ReORG - Intelligent File Organizer

A Python tool that automatically organizes files by analyzing their actual content, not just their names or extensions. Perfect for cleaning up messy download folders, organizing project files, or sorting any collection of mixed file types.

What It Does

ReORG uses content-aware detection to identify what files actually are, then organizes them intelligently:

Detects misnamed files: Finds JPEGs named .txt, PDFs with no extension, etc.
Smart categorization: Groups files by type, date, size, or project
Magic byte analysis: Reads file signatures to determine true file types
Version control detection: Groups files like app_v1.exe, app_v2.1.zip into organized folders
File compression: Organize files into archives (ZIP, TAR, TAR.GZ) with automatic cleanup
Flexible organization: Multiple sorting strategies based on your needs

Quick Start

# Clone and run
git clone https://github.com/foglomon/ReORG.git
cd ReORG
python sort.py

# This creates test files and shows you how it works

Basic Usage

from sort import FileSorter, CompressionFormat

# Create sorter and scan a folder
sorter = FileSorter()
files = sorter.scan_folder("path/to/messy/folder")

# Get recommendations
strategy = sorter.recommend_strategy()
print(f"Recommended: {strategy['strategy'].value}")
print(f"Reason: {strategy['reason']}")

# Preview organization (dry run)
plan = sorter.organize_files("organized_output", strategy['strategy'], dry_run=True)
print(sorter.get_summary(plan))

# Actually organize files
sorter.organize_files("organized_output", strategy['strategy'], dry_run=False)

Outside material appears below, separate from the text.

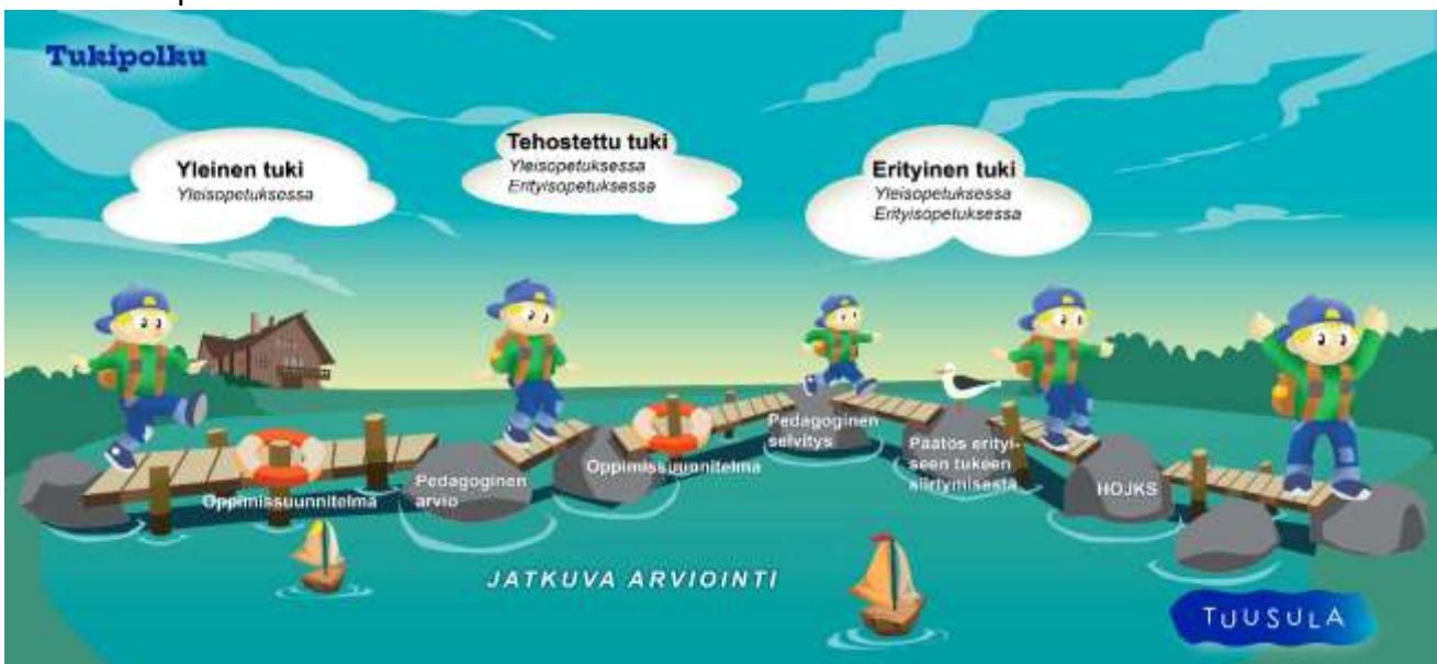
Kuva 8. Tukipolku

Kasvun ja oppimisen tuki on kuvattu tukipolkuuna, jonka lähtökohtana on hyvä esiopetuspäivä. Esiopetuksessa keskeisellä sijalla ovat oppimisjärjestelyt, jotka ovat joustavia ja jotka korostavat kaikkien lasten osallisuutta. Pedagogisilla ratkaisuilla, toteutettavilla menetelmillä ja riittäväillä tukitoimilla taataan osallistuminen ja mahdollisuus oppimiseen yksilöllisellä tavalla.

# Or organize and compress into a ZIP archive
archive_path = sorter.organize_files(
    strategy=strategy['strategy'],
    dry_run=False,
    compression=CompressionFormat.ZIP
)
print(f"Created archive: {archive_path}")

Features

Content-Aware Detection

Magic byte signatures: Detects 30+ file types by reading their binary headers
Text analysis: Identifies scripts, HTML, JSON, XML by content patterns
Office document handling: Distinguishes between DOC/XLS/PPT and DOCX/XLSX/PPTX
Archive detection: Properly identifies ZIP, RAR, 7Z regardless of extension

Version Control Detection

Pattern recognition: Identifies files like app_v1.exe, tool_v2.1.zip, backup_2024.tar
Smart grouping: Creates nested folders like apps/myapp/ containing all versions
Version tracking: Detects semantic versions (v1.2.3), simple numbers (v1, v2), and release types (beta, final)
Automatic organization: When 20%+ of files are versioned, recommends version-based sorting

Smart Organization Strategies

By Type: Groups into images/, documents/, videos/, etc.
By Version Control: Creates apps/appname/ folders for versioned files
By Date: Organizes by year or month for time-based sorting
By Size: Separates large files from small ones
By Project: Attempts to group related files together
By Extension: Traditional extension-based sorting

Detection Reports

Content Detection Report
==============================

Files analyzed: 156
Content detected: 142
Misnamed files: 23

Files missing extensions:
  📄 important_document → .pdf
  📄 vacation_photo → .jpg
  📄 backup_archive → .zip

Files with wrong extensions:
  ⚠️  music.doc (.doc) → .mp3
  ⚠️  image.txt (.txt) → .png

Version Control Report
======================

Files analyzed: 156
Versioned files: 32
App groups found: 8

Version groups detected:
  📦 myapp: 5 files, versions 1.0, 1.1, 2.0, 2.1, 3.0
  📦 photoshop: 3 files, versions 2023, 2024, beta
  📦 gamedata: 4 files, versions 1, 2, 3, final

Supported File Types

Category	Extensions	Detection Method
Images	jpg, png, gif, bmp, webp, ico	Magic bytes
Documents	pdf, doc, docx, txt, rtf, odt	Magic bytes + content
Videos	mp4, avi, mkv, mov, wmv, webm	Magic bytes
Audio	mp3, wav, flac, aac, ogg	Magic bytes
Archives	zip, rar, 7z, tar, gz	Magic bytes
Code	py, js, html, css, java, cpp	Content analysis
Data	json, xml, csv, sql, yml	Content patterns

Real-World Examples

Cleaning Downloads Folder

Before:
Downloads/
├── IMG_001 (actually a JPEG)
├── document.txt (actually a PDF)
├── file (actually a ZIP archive)
├── song.doc (actually an MP3)
└── backup (actually a 7Z archive)

After:
Organized/
├── images/IMG_001
├── documents/document.txt
├── archives/file
├── audio/song.doc
└── archives/backup

Project Organization

Before: Mixed project files
After:
projects/
├── web_development/
│   ├── index.html
│   ├── styles.css
│   └── script.js
├── python_scripts/
│   ├── analyzer.py
│   └── utils.py
└── documents/
    ├── requirements.pdf
    └── notes.txt

Advanced Features

Custom Organization

# Organize by size categories
plan = sorter.organize_files("by_size", SortCriteria.SIZE)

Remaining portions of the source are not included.